What I want is a vector with the condition for each participant:
1 NA 3 4
I wrote the following bit, but was wondering if there was a more efficient way (i.e., using fewer lines of code)?
#replace entries with condition numbers
cond <- data + matrix(rep(0:3, 4), 4, byrow=TRUE) #add 0 to 1 for condition 1...
#get all unique elements (ignore NAs)
cond <- apply(cond, 1, function(x)unique(x[!is.na(x)]))
#because I ignored NAs just now, cond[2,2] is numeric(0)
#assign NA to all values that are numeric(0)

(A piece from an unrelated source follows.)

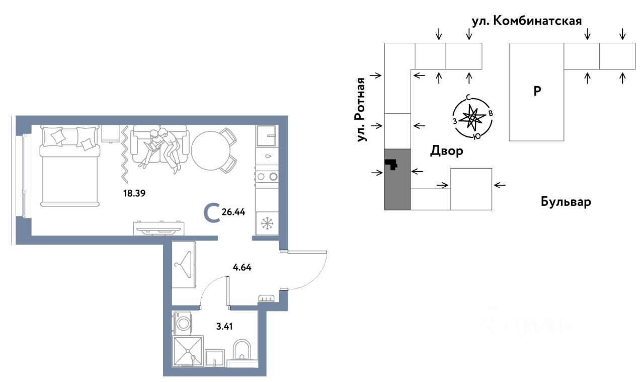 0комнатная квартира площадью 26,44кв. м. на 12 этаже жилого комплекса "Уральский сад".

cond[sapply(cond, function(x) length(x)==0)] <- NA
cond <- unlist(cond)
cond
#[1] 1 NA 3 4
We can use max.col
with ties.method='first'
on the logical matrix of non-NA elements in 'data'. To make the rows that have only NA elements as NA, we multiply the max.col
index with rowSums
of logical matrix with 0 non-NA rows converted to NA (NA^
).
max.col(!is.na(data), 'first')* NA^!rowSums(!is.na(data))
#[1] 1 NA 3 4
Or another option is pmax
. We multiply the column index with the data so that the non-NA elements get replaced by the index. Then, use pmax
with na.rm=TRUE
and get the max value per each row.
do.call(pmax, c(col(data)*data, na.rm=TRUE))
#[1] 1 NA 3 4
Using the reshape2
package:
> data$ID <- rownames(data)
> melt(data, 'ID', na.rm=TRUE)
ID variable value
1 1 V1 1
11 3 V3 1
16 4 V4 1
IMHO, this has the advantage of keeping the ID variable along with the treatment factor; also if you have a response measurement it comes along too in the value column.
EDIT:
If you want to include the subject under no conditions, you can reconstruct that indicator variable explicitly:
data$VNA <- ifelse(apply(is.na(data), 1, all), 1, NA)
Less clever and efficient than other solutions, but perhaps more readable?
apply(data,
MARGIN = 1,
FUN = function(x) {
if(all(is.na(x))) return(NA)
return(which(!is.na(x)))
}
)
# [1] 1 NA 3 4